= Theodore Augustine Mann =

English naturalist, historian and Carthusian monk

Theodore Augustine Mann, known as the Abbé Mann (22 June 1735-23 February 1809), was an English naturalist and historian, and a Carthusian monk.

==Education==
Mann was born in Yorkshire. Little is known of his education except that he seems to have imbibed deistic ideas in his youth. He left England about 1754 and went to Paris. Here the study of Bossuet's Discours sur l'histoire universelle exerted a profound influence upon him, and in 1756 he was received into the Catholic Church by the Archbishop of Paris.

==Religious and literary life==
Upon the outbreak of the war between France and England in the same year, he went to Spain, where he enlisted in a regiment of dragoons, and afterwards became a student at the military academy of Barcelona. He soon abandoned, however, the idea of a military career, and went to Belgium, where he entered the Carthusian monastery at Nieuwpoort, at that time the sole English house of the order.

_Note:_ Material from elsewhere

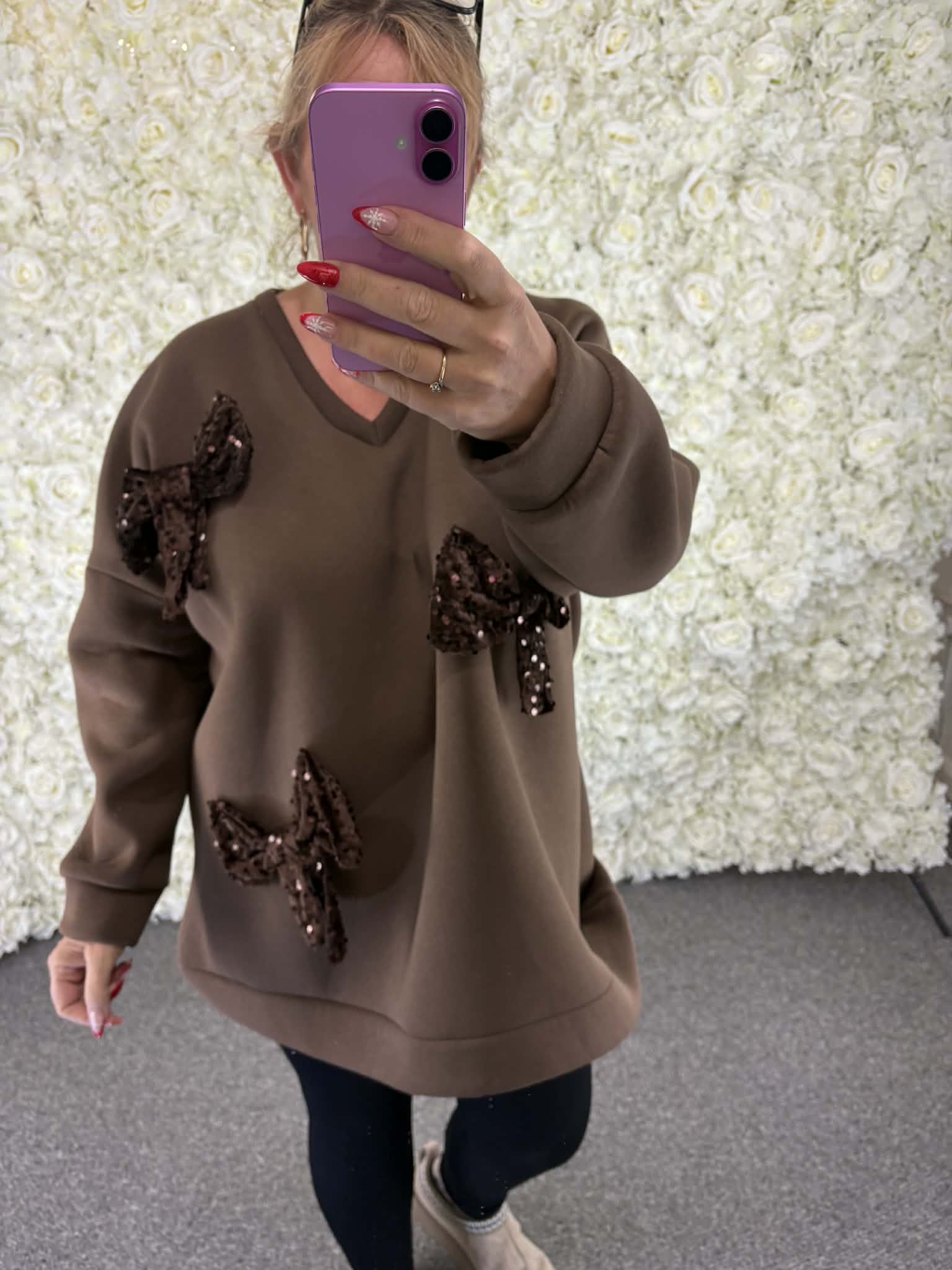 Super soft and chunky our new sequin bow sweatshirt

After his profession his leisure was devoted to scientific study, and his memoir Théorie des causes physiques des mouvements des corps célestes d'après les principes de Newton, won for him membership in the Imperial Academy of Brussels. He became prior of his monastery in 1764, but left the order thirteen years later, after having obtained a Bull of secularization and also the privilege of possessing a benefice.

==Studies==
He took up his residence at Brussels and received a prebend in the Chapter of Notre-Dame de Courtrai. In 1787 he was chosen perpetual secretary of the Brussels Academy, and carried on numerous meteorological observations under its auspices. The invasion of the French in 1794 forced him to leave Belgium, and, after travelling in Germany and England, he finally settled at Prague, where he continued his literary labours until his death in 1809.

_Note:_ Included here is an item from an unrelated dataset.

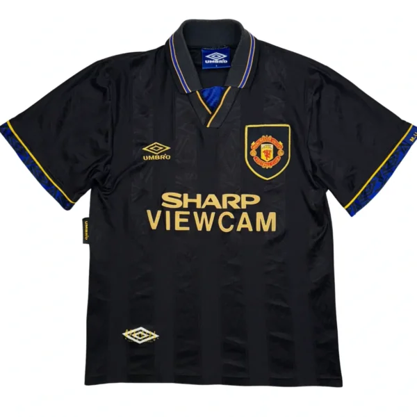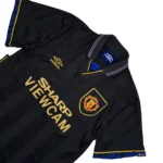 Le 25 Janvier 1995, Eric Cantona sautait les pieds en avant sur un supporter de Crystal Palace à Selhurst Park. Le King s’est justifié en assurant que le supporter l’avait insulté. Ce moment culte fera de Cantona une superstar sur et en dehors du terrain. Ce maillot appelé « The Kung Fu Kick Shirt » est donc très recherché par les fans des Red Devils qui s’identifient au caractère bien trempé de leur iconic numéro 7 !

Mann was a laborious student and a versatile writer. He is said to have refused the Bishopric of Antwerp offered him by Emperor Joseph II, rather than abandon his favourite studies.

He was elected a Fellow of the Royal Society in 1788.

==Works==
His principal literary works, conspicuous for their erudition, were:
- Mémoire et lettres sur l'étude de la langue grecque (Brussels, 1781);
- Mémoire sur la conservation et le commerce des grains (Mechlin, 1764);
- Abrégé de l'histoire ecclesiastique, civile, et naturelle de la ville de Bruxelles et de ses environs (Brussels, 1785), in collaboration with Johannes Franciscus Foppens;
- Histoire du règne de Marie Thérèse (Brussels, 1781; 2nd ed., 1786);
- Recueil de mémoires sur les grandes gelées et leurs effets (Ghent, 1792);
- Principes métaphysiques des êtres et des connaissances (Vienna, 1807), and numerous papers in the Mémoires of the Brussels Academy.

He was also the translator of an English work, which was published under the title Dictionnaire des Jardiniers et des Cultivateurs (Brussels, 1786–9).